Note, my design no pattern available.

The yarn was spun on my first wheel (babe fiberbuster) in 2016.
2-ply, one ply white, the other ply green and white marled.
Worsted to heavy weight
The fiber:
-Green, Knitpicks, Wool of the Andes fiber
-White, A Romney/Blackfoot blend bought on ebay
First pic stretched to show the cables


----------



## Lena B (Aug 15, 2015)

wordancer said:


> Note, my design no pattern available.
> 
> The yarn was spun on my first wheel (babe fiberbuster) in 2016.
> 2-ply, one ply white, the other ply green and white marled.
> ...


Nice love the yarn well done


----------



## JoRae (Feb 5, 2013)

Lovely spinning and a nice hat you made from it.


----------



## Neophyte (9 mo ago)

Love it and love the detail you've provided.
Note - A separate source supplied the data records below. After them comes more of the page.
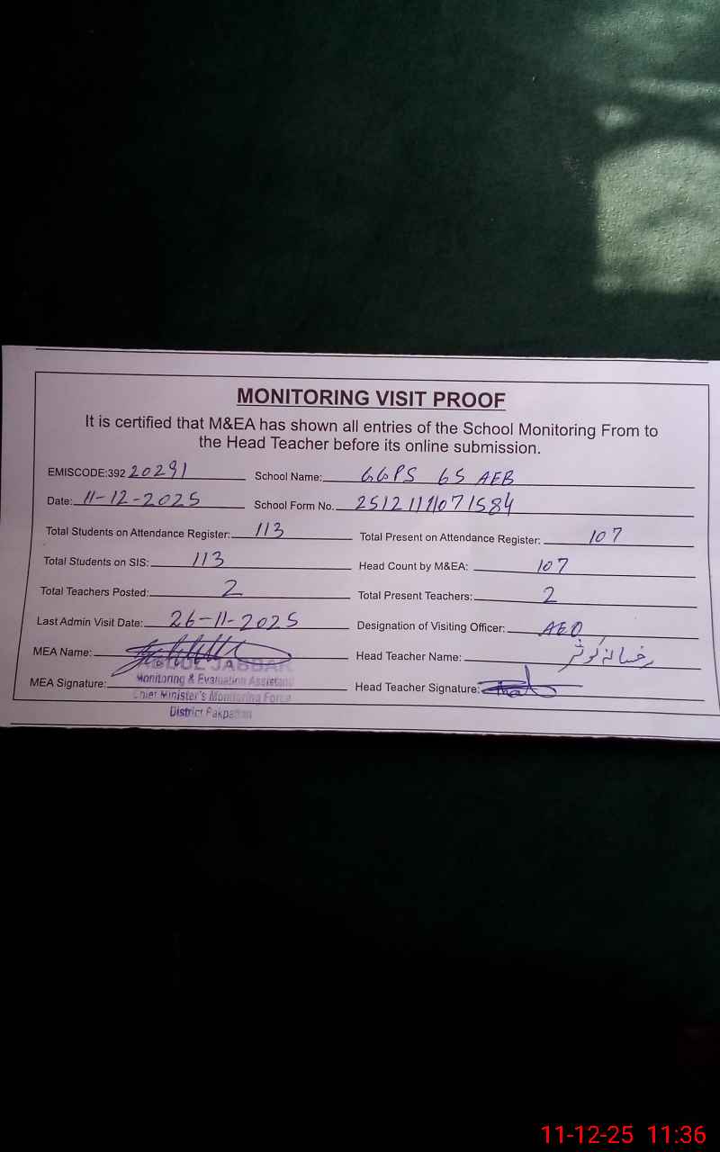 | EMIS Code: 39220291 | Name of School: GGPS 65-A/EB | |||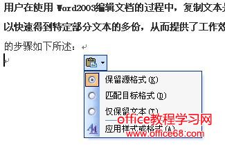 小提示:在执行“粘贴”命令后,Word2003文档中会出现一个智能标记,这就是“粘贴”选项按钮。将鼠标指向“粘贴”选项按钮并单击左键,在打开的下拉菜单中选择如何保留复制或移动后的文本格式,如图所示。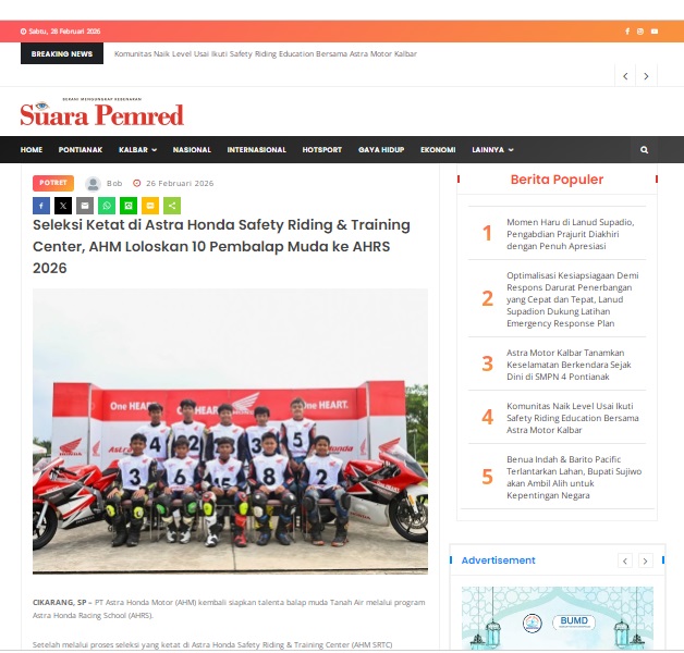 Seleksi Ketat di Astra Honda Safety Riding & Training Center, AHM Loloskan 10 Pembalap Muda ke AHRS 2026 by masmul 26 Februari 2026 in Silahkan kunjungi https://www.suarapemredkalbar.com/read/potret/26022026/seleksi-ketat-di-astra-honda-safety-riding-training-center-ahm-loloskan-10-pembalap-muda-ke-ahrs-2026. You Might Like Regional Public Launching New ADV160 The SUV Pride Grand Launching New PCX 160 Truly Exceptional! Tetap hati-hati ya bro sist berkendara saat hujan.
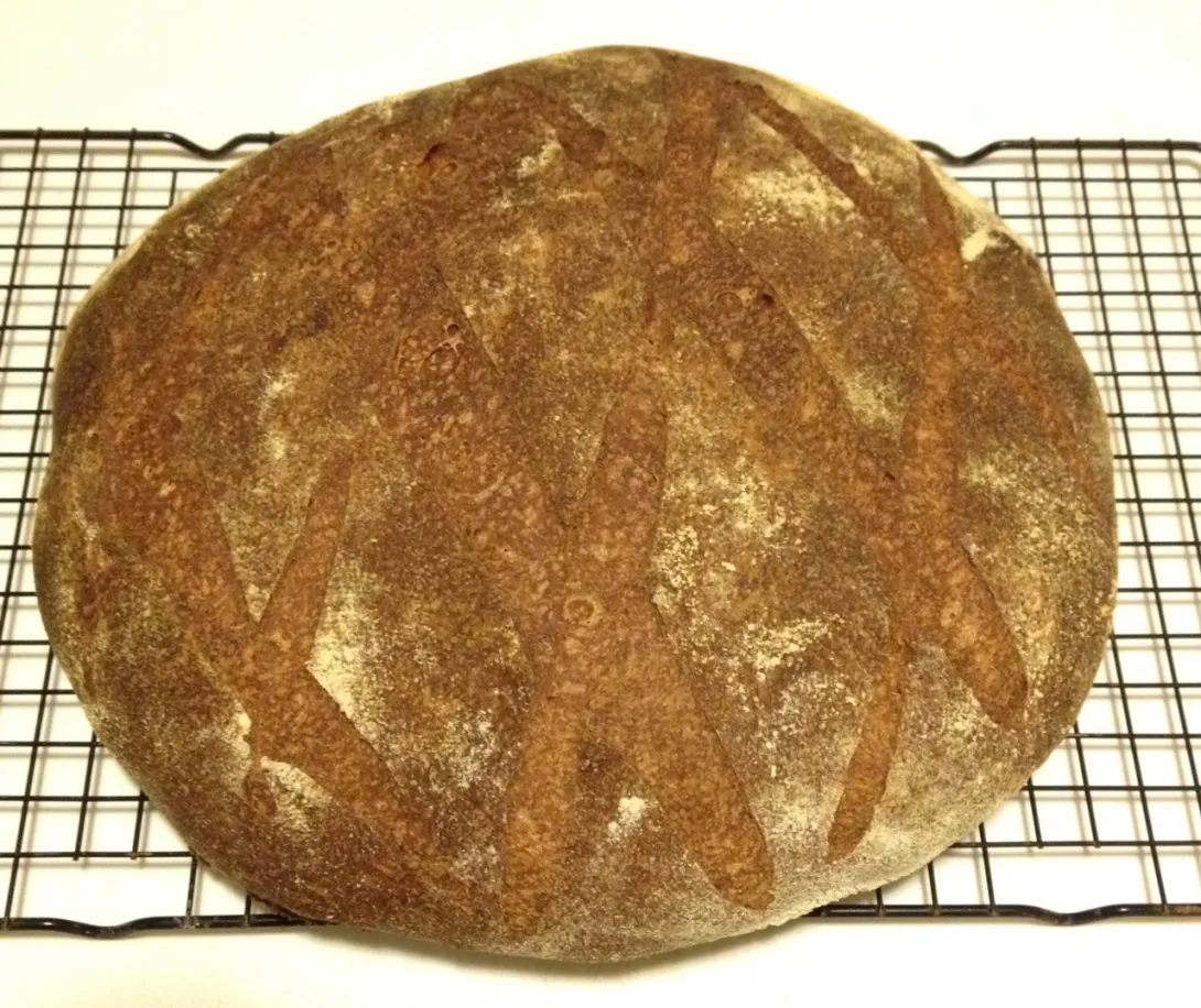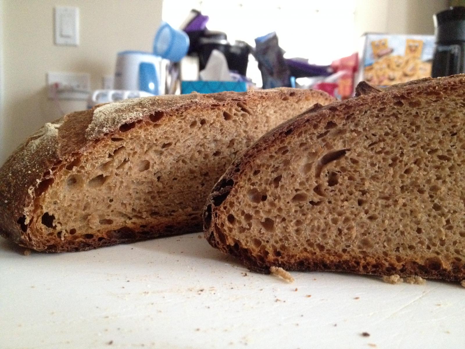 I gave this one a pretty bold bake, with steam for 15 minutes, without steam for an additional 60 minutes with the oven cracked for the last five. I left the loaf in the oven with the door cracked after it'd been turned off for another 10 minutes. I let it sit for around 15 hours before had some at breakfast this morning. It went well with a double cream brie and blackberry preserves. The taste was pretty nice. I'm looking forward to seeing how the taste evolves on my sandwich for lunch tomorrow.

I find it rather frustrating to look at pictures in the gallery and get no information, or am I missing something?


----------



## Ettenna (May 3, 2013)

Great job


----------



## gardenpoet (Jun 24, 2016)

Oooo. Deliciously tactile looking!


----------



## spinningjennie (Jul 30, 2012)

Looks lovely.


----------



## silkandwool (Dec 5, 2011)

A great use of the first yarn you spun.
It looks like a nice warm hat.


----------



## hilarymercer51 (9 mo ago)

Lovely!


----------



## ade (Jul 6, 2018)

Looks great! Love the colours, too.


----------



## Patrice B-Z (Dec 22, 2014)

wordancer said:


> Note, my design no pattern available.
> 
> The yarn was spun on my first wheel (babe fiberbuster) in 2016.
> 2-ply, one ply white, the other ply green and white marled.
> ...


I always admire the work, especially when it is spun by hand and knitted into a lovely item. Love it!


----------



## mama879 (Jan 27, 2011)

Very nice I like the pattern and love fat yarns. Thank you for sharing


----------



## cat_woman (Sep 21, 2014)

Great hat. Looks nice and warm.


----------